WHAT IS BEING ASKED
Word for word, retype the lines from the one containing "Boite de 6 peluches" to the one containing "The market this" below, keeping both end lines and dropping the pictures.

INFORMATION
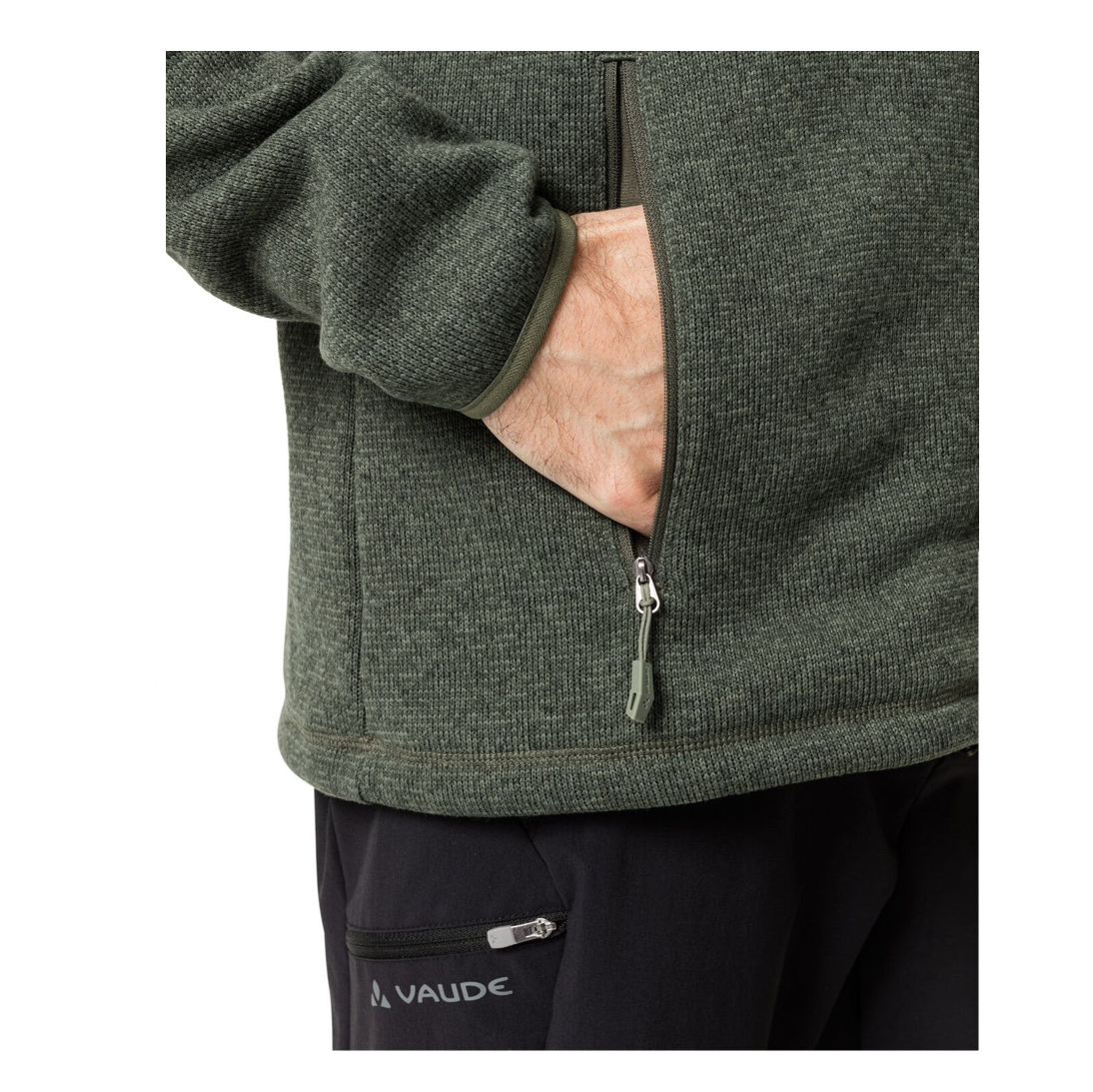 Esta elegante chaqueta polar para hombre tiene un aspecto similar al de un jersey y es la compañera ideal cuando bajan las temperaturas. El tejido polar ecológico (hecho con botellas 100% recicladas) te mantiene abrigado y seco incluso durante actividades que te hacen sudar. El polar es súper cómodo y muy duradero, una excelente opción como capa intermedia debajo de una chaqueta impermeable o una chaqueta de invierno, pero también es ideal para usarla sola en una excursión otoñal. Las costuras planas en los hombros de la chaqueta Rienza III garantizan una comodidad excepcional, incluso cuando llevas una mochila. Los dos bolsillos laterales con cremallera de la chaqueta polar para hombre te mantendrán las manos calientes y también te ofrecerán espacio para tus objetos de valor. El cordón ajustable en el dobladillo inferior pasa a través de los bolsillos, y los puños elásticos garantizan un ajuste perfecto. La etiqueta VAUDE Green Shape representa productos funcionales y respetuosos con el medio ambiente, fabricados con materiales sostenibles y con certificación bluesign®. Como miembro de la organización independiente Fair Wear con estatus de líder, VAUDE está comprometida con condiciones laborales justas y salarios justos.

==

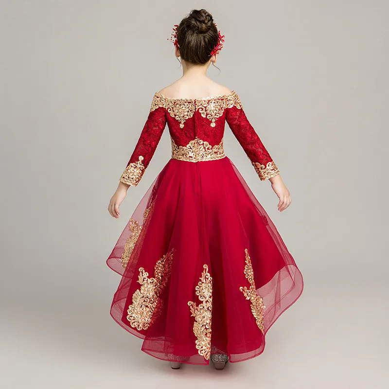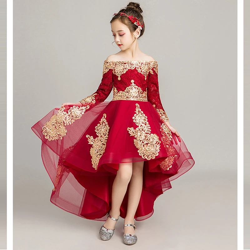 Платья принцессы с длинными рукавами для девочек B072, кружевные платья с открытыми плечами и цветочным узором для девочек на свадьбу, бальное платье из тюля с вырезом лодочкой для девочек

* * *

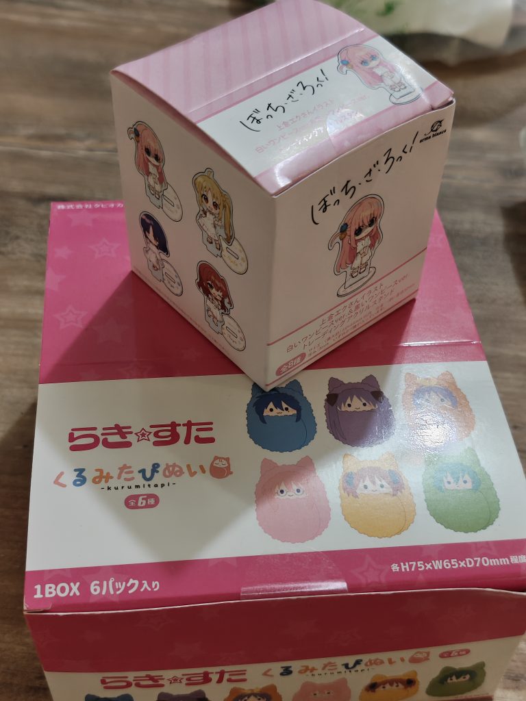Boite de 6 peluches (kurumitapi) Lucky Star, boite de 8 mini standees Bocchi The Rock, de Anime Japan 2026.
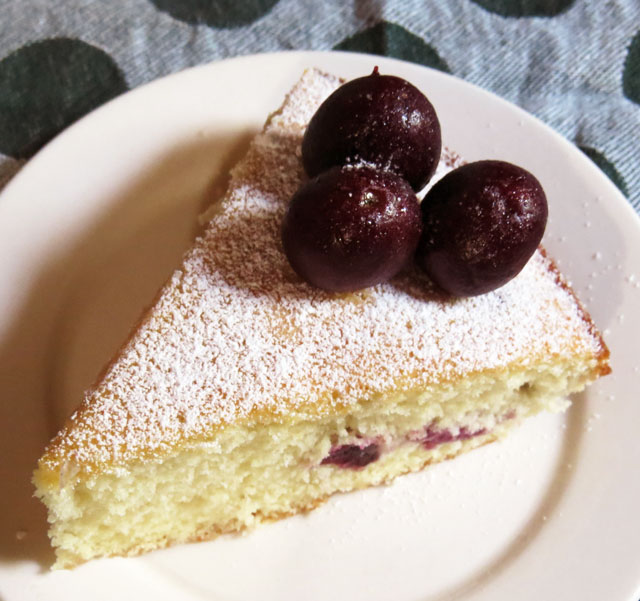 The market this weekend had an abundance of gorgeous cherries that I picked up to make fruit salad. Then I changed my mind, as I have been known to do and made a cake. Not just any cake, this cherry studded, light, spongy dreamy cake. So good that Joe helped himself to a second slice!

ANSWER BOX
Boite de 6 peluches (kurumitapi) Lucky Star, boite de 8 mini standees Bocchi The Rock, de Anime Japan 2026.
 The market this weekend had an abundance of gorgeous cherries that I picked up to make fruit salad. Then I changed my mind, as I have been known to do and made a cake. Not just any cake, this cherry studded, light, spongy dreamy cake. So good that Joe helped himself to a second slice!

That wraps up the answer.